Hacker News new | ask | show | jobs
by pslam 4585 days ago
If the branch target is an address loaded from memory, and there is no cached result for the branch instruction, then there's no way it can predict which instruction to execute next. The target could be anywhere in valid memory.

The reason the measurements don't show it is the micro-benchmark will be predicting very well. In fact it's quite difficult to defeat prediction even for giant codebases, and you probably have bigger issues with L1 thrashing at that point. The more subtle problem is even with prediction, there's a (quite high) limit to the number of unretired speculated instructions. Again, a micro-benchmark won't show that up - you'd need a large function in the inner loop.

I'm making it sound like there's no cost to virtual functions in real applications, but it's there, usually measurable and every little adds up. If anything, I think a better reason to not simply spray "virtual" everywhere is it demonstrates that the author didn't understand the data structures they created.

1 comments

On the other hand, having no cached result for the branch probably correlates strongly with not having the target in I-cache, which means you may be stalling out anyway. It also implies that the branch is not in the middle of a tight loop.

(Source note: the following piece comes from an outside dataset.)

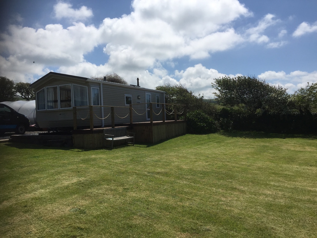 In Boscastle this Very spacious and comfortable open planned mobile home set in private gardens with superb sea views. Fully equipped kitchen,gas cooker,fridge/freezer and microwave. Double with king bed, one twin room. Shower room. Lounge and dining area with tele, free wi fi .All linen and towels are supplied with all necessary essentials, wash up liquid, t towels,j cloth etc Welcome pack, wine,,tea,coffee,milk.Outside decking area with table and chairs,sunbeds BBQ. Fire pit provided.

Regarding the size of the ROB, I was wondering about the size a while ago and found an interesting post from someone who measured it for modern Intel processors: Ivy Bridge (168), Sandy Bridge (168), Lynnfield (128), Northwood (126), Yorkfield (96), Palermo (72), and Coppermine (40). http://blog.stuffedcow.net/2013/05/measuring-rob-capacity/

I agree with you on the virtual part. I'm actually a C programmer more interested in how to implement efficient dispatch for interpreters. Eli (the original author) has some good posts on that as well: http://eli.thegreenplace.net/2012/07/12/computed-goto-for-ef...